═══ Available records ═══
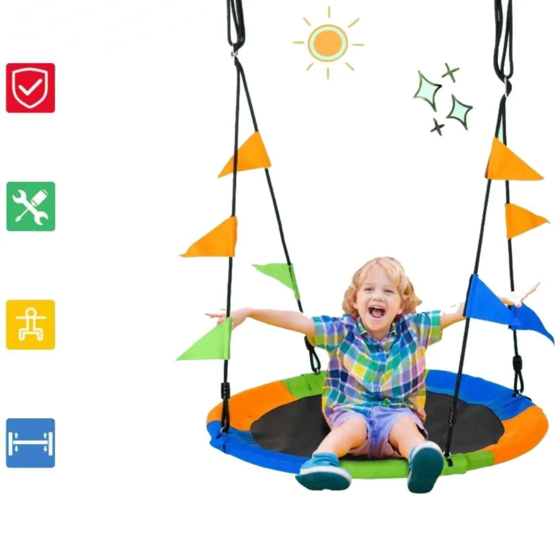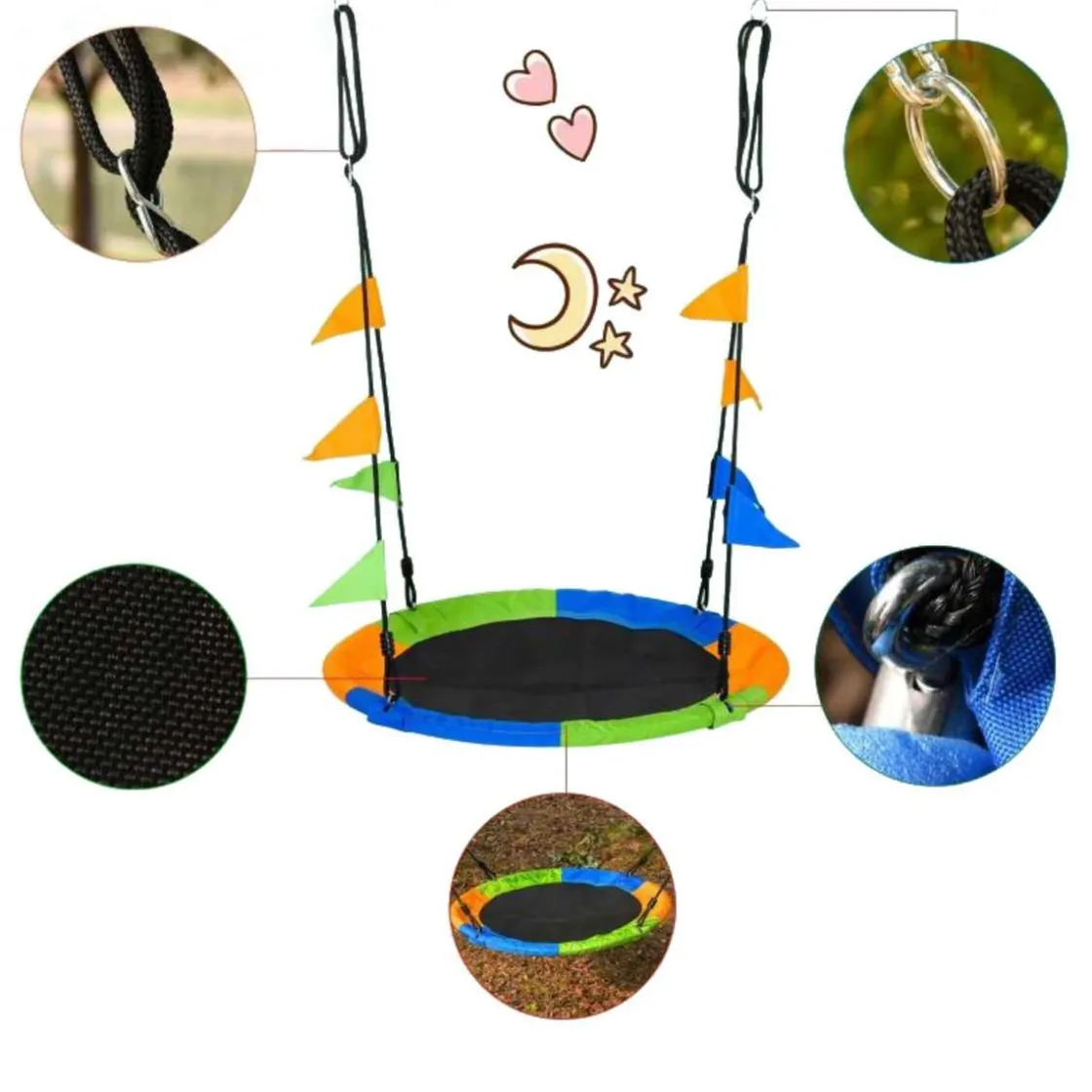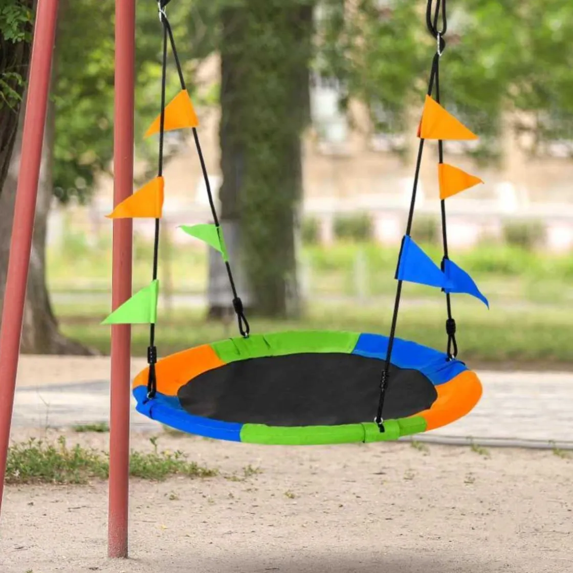 - Columpio nido de gran colorido, con banderolas decorativas.
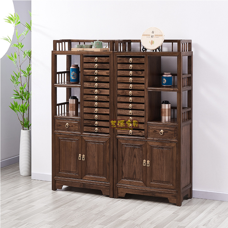 ウォールナット色のニレ茶ケーキキャビネット茶収納キャビネットプーアル茶キャビネット無垢材多層茶収納キャビネット
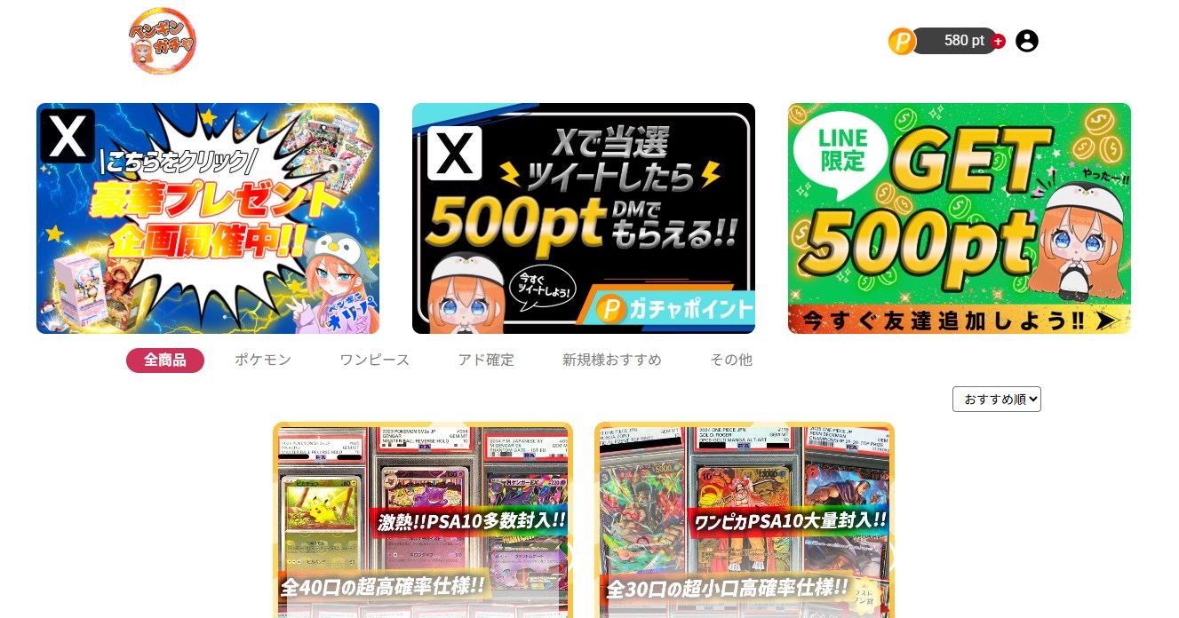 | ペンギンガチャ | 日本トレカセンター | DOPA | オリパワン | オリくじ | |
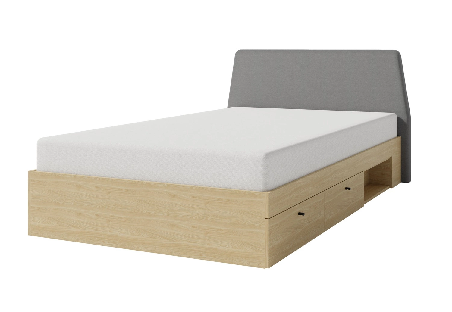 Bett mit Schubladen Olivio 120x200 cm Eiche geölt ideal für ein Kinderzimmer mit gepolstertem Kopfteil und Schubladen
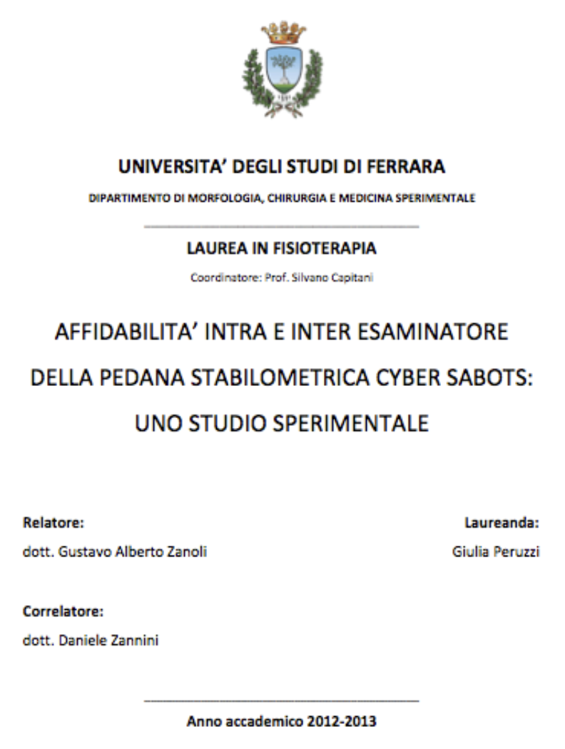Libro M.Rossato et All : Stabilometry Standard Guideline 2011-2013 during Clinical Practice
═══
* _Problem statement_
Although the entries contain pictures, copy everything else in them exactly.

* _Answer for this exercise_
 - Columpio nido de gran colorido, con banderolas decorativas.
 ウォールナット色のニレ茶ケーキキャビネット茶収納キャビネットプーアル茶キャビネット無垢材多層茶収納キャビネット
 | ペンギンガチャ | 日本トレカセンター | DOPA | オリパワン | オリくじ | |
 Bett mit Schubladen Olivio 120x200 cm Eiche geölt ideal für ein Kinderzimmer mit gepolstertem Kopfteil und Schubladen
Libro M.Rossato et All : Stabilometry Standard Guideline 2011-2013 during Clinical Practice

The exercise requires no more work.